Am Morgen darauf hatte es über der Stadt einen blutroten Sonnenaufgang gegeben. Die Frau war zum Einkauf gefahren. Ich hatte beschlossen, nicht zur Schule zu gehen, sondern mich zu verstecken. Wutschnaubend rannte der Mann oben im Haus umher. Trab, trab, auf und ab. Er säuselte, er drohte, er schrie. Umsonst. Im winzigen Lichtkegel meiner Taschenlampe kauerte ich regungslos und mit pochendem Herzen dort, wo er mich sicher zu allerletzt vermutete: in „The Room“. Mucksmäuschenstill und mit angehaltenem Atem fragte ich mich bang: Wann wird der Mann das merken?Plötzlich flog die Tür auf und das grelle Tageslicht blendete mich. Die Silhouette des Mannes füllte den Rahmen wie ein grässlicher Scherenschnitt. Er war nackt.

Mir war sofort klar, dass diese Chance, mich zu befreien, sich nicht wiederholen würde.

Damit fing alles an.

1

Dreißig Jahre später

Berlin, 19. Juni, nachts

„Ich will dich ficken!“

Mona vernahm diesen Satz wie einen Befehl. Der Schreck fuhr ihr in die Knie. Höhenangst überkam sie. Mona versuchte dagegen anzukämpfen, indem sie starr auf ihrem Barhocker sitzen blieb und sich zwang, im Spiegel zu erkunden, was um sie herum vorging. Anstrengend genug, denn ihr war erst vor Minuten nach dem Verlassen der Limousine die schwarze Augenbinde abgenommen worden. Ihre Augen hatten von jeher bei Dunkelheit etwas Mühe. Daher hatte sie keine Ahnung, wo die kleine Entführung geendet war. Eine Mutprobe. Ihr Versprechen, folgsam zu sein, durfte sie nicht brechen. Nachdem Master René das Zeichen Richtung Tresen gegeben hatte, gut auf seine Beute aufzupassen und dann einfach weg war, wurde es Mona allerdings mulmig. Kontrollverlust. Ihr Thema.
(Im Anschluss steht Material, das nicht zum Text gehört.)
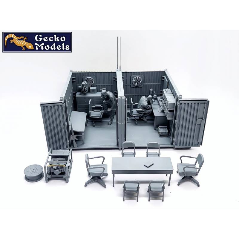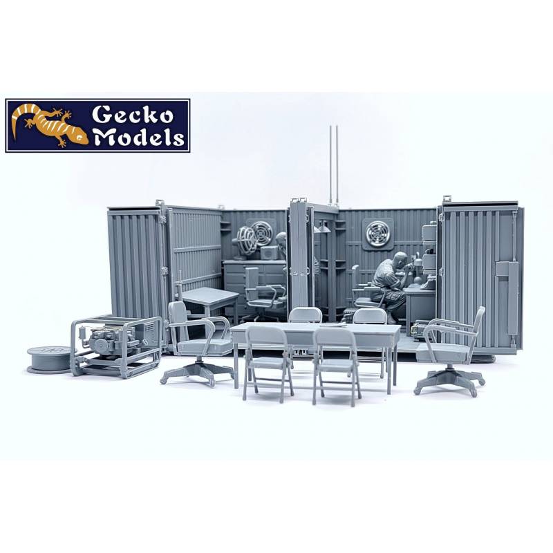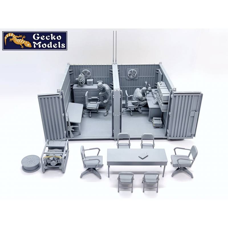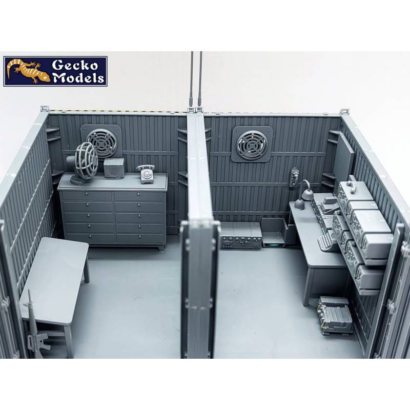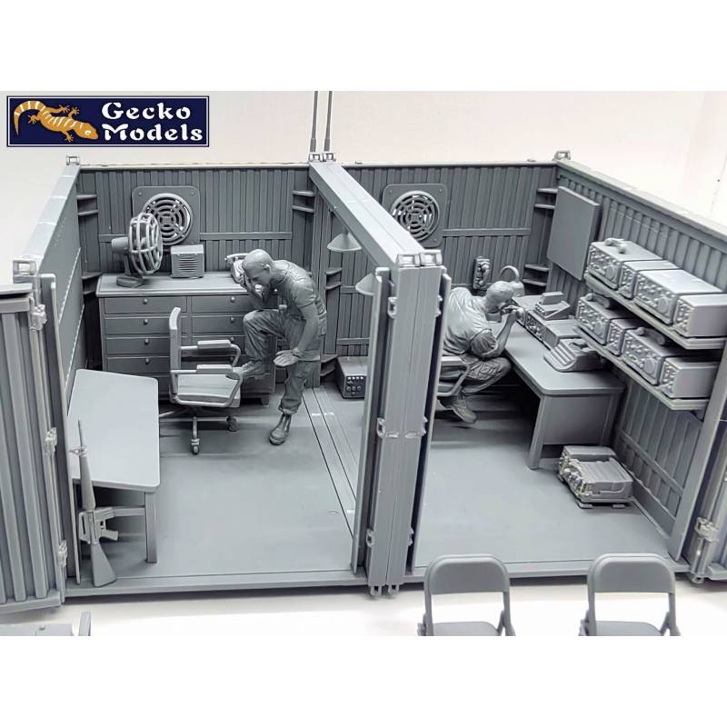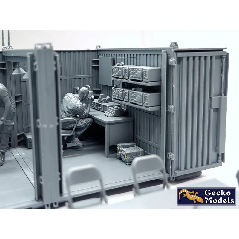 Le diorama GECKO MODELS 35GM0119 est composé de deux containers aménagés en poste de commandement temporaire, ainsi que de deux figurines américaines incluses d’origine. Cet ensemble permet de représenter immédiatement une scène opérationnelle crédible de la guerre du Vietnam, sans nécessiter d’achats complémentaires, et constitue une base idéale pour un diorama complet mêlant commandement, logistique et vie de base avancée.

Noch immer halbblind und nervös zitternd, orientierten sich Monas Geruchssinn und Gehör erstaunlich präzise. Sie schloss die Augen. Stampfende Bässe fuhren ihr plötzlich direkt in die Magengrube. Ein House-Music-Titel, den Mona dieser Tage zig Mal im Autoradio gehört hatte, verwandelte den Raum augenblicklich in einen Hexenkessel. Die Menschenmenge um sie herum brach in euphorischen Jubel aus, der das laute Stöhnen, das Kettengerassel, die Peitschenhiebe und das Klatschen flacher Hände auf nackter Haut zusätzlich aufkochte. In der Luft hing, obwohl sauber und perfekt klimatisiert, eine seltsame Wolke aus Parfüm und jeder Menge Testosteron.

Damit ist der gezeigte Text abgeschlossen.